Agnes Vaille Falls hike photos

Agnes Vaille Falls hike photos

Photos taken at Agnes Vaille Falls in the Collegiate Peaks near Buena Vista, CO, May 30, 2007.

Also check out my photos from St. Elmo ghost town at the upper end of Chalk Creek Canyon, taken later the same day.

Copyright (c) 2007, Sandra J. Loosemore. Photos are provided for personal viewing only; no other use is permitted without prior written consent.


Here's a view of Mt. Princeton, the general area of this hike's destination. The road leads up Chalk Creek, the next canyon south from my previous day's hike to the Mt. Yale area.

The mountain on the south side of the road is Mt. Antero, named after a Native American chief instead of a university.

Kaeru the hardy mountain frog poses at the trailhead. This hike is short but the top section is a steep, rough scramble.

According to an interpretive sign along the trail, Agnes Vaille was a friend of a local resort owner who died young in a mountaineering accident. It wasn't clear to me if she ever visited the falls that now bear her name.

Looking across the canyon, you can see an old railroad grade. This is the route of the Denver, South Park & Pacific railway line between Buena Vista and Gunnison. At the top of the canyon, past St. Elmo, the railroad crossed under the Continental Divide via the now-collapsed Alpine Tunnel.

The white peak in the background here is the shoulder of Mt. Antero.

Here's a view up the lower section of trail, though an open pine forest. Even though it's called "Chalk Canyon", the white rocks are actually granite.

Even at this low elevation, there are signs of the previous day's snowfall.

The pines here had really big cones.

Eventually, the trail meets up with the creek.

By this point, the trail has pretty much vanished. You're just supposed to clamber up among the rocks on the left side of the creek any which way you can.

And then the falls come into view up ahead. You can see how rocky and steep the way is here, with lots of boulders and loose rock.
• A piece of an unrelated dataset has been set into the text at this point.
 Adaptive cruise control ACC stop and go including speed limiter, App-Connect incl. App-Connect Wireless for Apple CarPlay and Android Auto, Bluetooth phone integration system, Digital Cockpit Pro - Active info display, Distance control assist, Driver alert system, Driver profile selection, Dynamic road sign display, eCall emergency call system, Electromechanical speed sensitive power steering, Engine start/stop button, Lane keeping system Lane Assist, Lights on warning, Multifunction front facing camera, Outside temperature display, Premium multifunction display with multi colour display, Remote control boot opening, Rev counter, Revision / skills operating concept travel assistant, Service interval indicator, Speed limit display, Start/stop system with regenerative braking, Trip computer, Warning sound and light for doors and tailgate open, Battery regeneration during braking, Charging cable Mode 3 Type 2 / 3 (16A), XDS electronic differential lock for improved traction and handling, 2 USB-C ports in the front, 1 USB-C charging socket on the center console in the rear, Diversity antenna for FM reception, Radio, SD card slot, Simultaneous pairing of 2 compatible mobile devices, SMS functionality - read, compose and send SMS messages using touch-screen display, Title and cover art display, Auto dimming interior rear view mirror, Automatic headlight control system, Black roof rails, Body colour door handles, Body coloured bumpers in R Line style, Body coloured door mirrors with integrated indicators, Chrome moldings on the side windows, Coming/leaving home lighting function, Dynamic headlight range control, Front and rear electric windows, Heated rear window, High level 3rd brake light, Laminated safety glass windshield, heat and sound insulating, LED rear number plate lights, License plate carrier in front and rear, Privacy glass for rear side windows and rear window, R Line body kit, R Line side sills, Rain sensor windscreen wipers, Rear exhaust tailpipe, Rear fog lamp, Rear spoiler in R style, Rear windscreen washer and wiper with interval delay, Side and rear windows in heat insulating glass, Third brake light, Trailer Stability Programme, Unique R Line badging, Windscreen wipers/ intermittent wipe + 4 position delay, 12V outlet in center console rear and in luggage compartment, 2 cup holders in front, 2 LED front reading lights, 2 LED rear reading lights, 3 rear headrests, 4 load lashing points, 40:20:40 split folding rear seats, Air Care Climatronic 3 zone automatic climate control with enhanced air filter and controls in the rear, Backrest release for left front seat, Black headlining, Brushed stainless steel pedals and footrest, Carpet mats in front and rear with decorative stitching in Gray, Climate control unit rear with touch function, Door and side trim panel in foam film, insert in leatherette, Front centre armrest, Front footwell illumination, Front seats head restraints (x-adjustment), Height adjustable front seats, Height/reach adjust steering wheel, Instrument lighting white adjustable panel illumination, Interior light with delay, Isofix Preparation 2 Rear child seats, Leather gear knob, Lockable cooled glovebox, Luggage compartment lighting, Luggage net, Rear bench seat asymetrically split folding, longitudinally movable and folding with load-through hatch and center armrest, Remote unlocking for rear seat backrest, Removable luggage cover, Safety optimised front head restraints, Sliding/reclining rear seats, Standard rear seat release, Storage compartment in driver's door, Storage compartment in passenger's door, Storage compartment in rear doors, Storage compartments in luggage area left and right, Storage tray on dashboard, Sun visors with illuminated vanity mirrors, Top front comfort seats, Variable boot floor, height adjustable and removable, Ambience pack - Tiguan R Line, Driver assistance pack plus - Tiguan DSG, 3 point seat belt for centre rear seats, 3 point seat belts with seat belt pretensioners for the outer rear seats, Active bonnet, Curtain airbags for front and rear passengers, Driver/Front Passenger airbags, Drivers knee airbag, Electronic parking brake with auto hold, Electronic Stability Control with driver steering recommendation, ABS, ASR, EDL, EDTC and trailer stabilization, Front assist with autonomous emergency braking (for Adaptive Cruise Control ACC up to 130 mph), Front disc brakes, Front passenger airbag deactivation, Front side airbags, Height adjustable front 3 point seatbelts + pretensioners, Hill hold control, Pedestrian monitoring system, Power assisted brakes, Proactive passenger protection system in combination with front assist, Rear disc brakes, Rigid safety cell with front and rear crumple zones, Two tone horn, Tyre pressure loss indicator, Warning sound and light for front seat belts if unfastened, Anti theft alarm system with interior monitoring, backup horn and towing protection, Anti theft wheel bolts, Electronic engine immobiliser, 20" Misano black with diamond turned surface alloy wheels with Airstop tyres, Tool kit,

Signs at the trailhead warn about how dangerous it is to climb up or under the waterfall; apparently every year people are killed here trying.
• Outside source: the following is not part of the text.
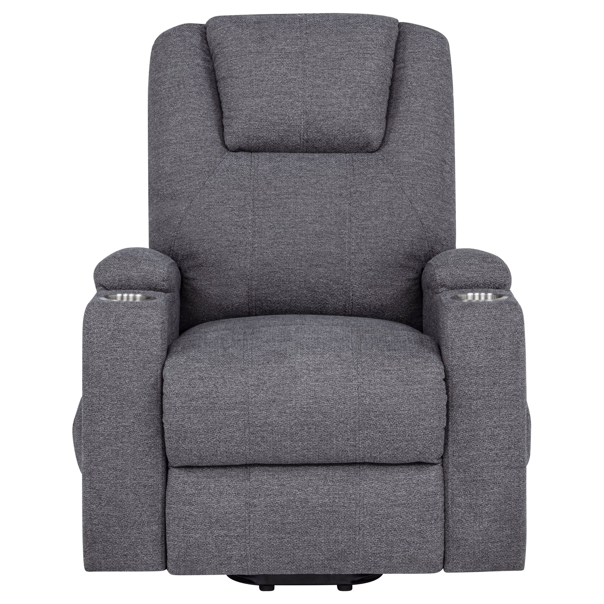 • Power lift massage chair in dark grey chenille offers wired remote-controlled recline and lift

Getting a bit closer to the falls now.

And here we are.

Climbing up a bit higher along the side of the falls, here's a view from underneath of water shooting out over the top of the falls.

And here's a shot of all the spray coming down at the base of the falls. It was pretty wet where I was standing to take this photo.

Ah, a frog in his natural habitat.

Here's a view across the canyon from the falls, with Mt. Antero peeking out on the other side.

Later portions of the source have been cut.